Still, like one of you guys said, there's a lot to be said for doing a little extra work to kick things up a notch to an even better level...of course, I don't want to waste time doing something unnecessary.
 
Thanks for all the helpful replies. I will start doing my research on the mashing side of things. I have a whole new bunch of questions about the lager fermenting side that I will save for another post. I'm more of an ale guy than a lager guy.
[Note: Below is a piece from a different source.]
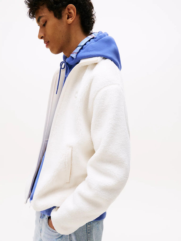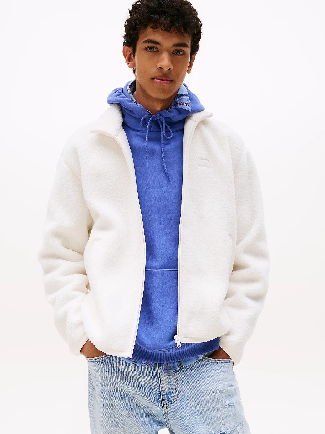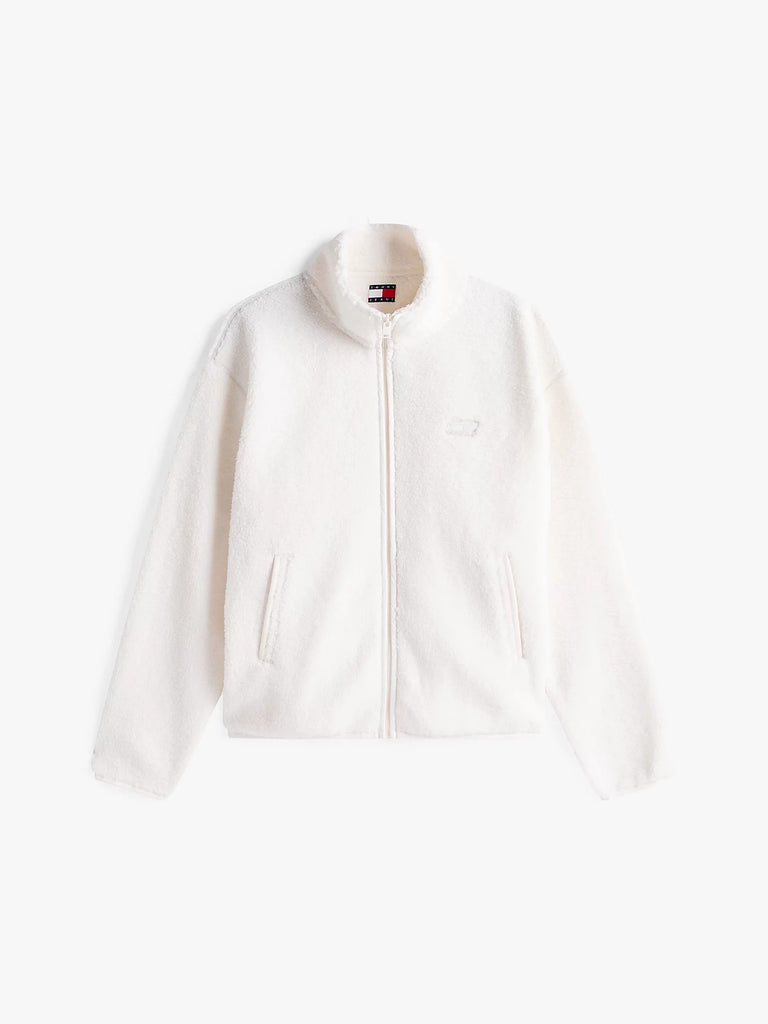 Wrap up warm in this zip-thru funnel-neck Tommy Jeans sweatshirt, made from textured teddy fleece with a slouchy relaxed fit.

But I am now in possession of the BYO 250 Clone Brews issues and I have had enough requests from family and friends to know I will need to eventually sharpen my lager skills as well.
 
Mateo, are you using domestic or German malts?

I too have read about not doing a p-rest with todays malts with an exception to some German malts that are not as modified.

A low sacc rest that results in clear beer with lots of body sounds really good to me so now I have to try it!!
 
I use:

American Cargil
Belgian Dingemanns
and
Weyermanns

I use them all, and buy the one that is the freshest.

m.
 
So, it sounds like a protein rest is still a necessity even with the much higher modification of malts than in the days of yore?

I've been told more or less the same thing as the original author by another (award-winning) craft brewer whose beers speak to his knowledge.

Still, like one of you guys said, there's a lot to be said for doing a little extra work to kick things up a notch to an even better level...of course, I don't want to waste time doing something unnecessary.

I wouldn't say it is a necessity. Only a minority of us do a p-rest. One can still brew award winning brews without doing a p-rest. I personally like to mess around with mash schedules so I continue to experiment.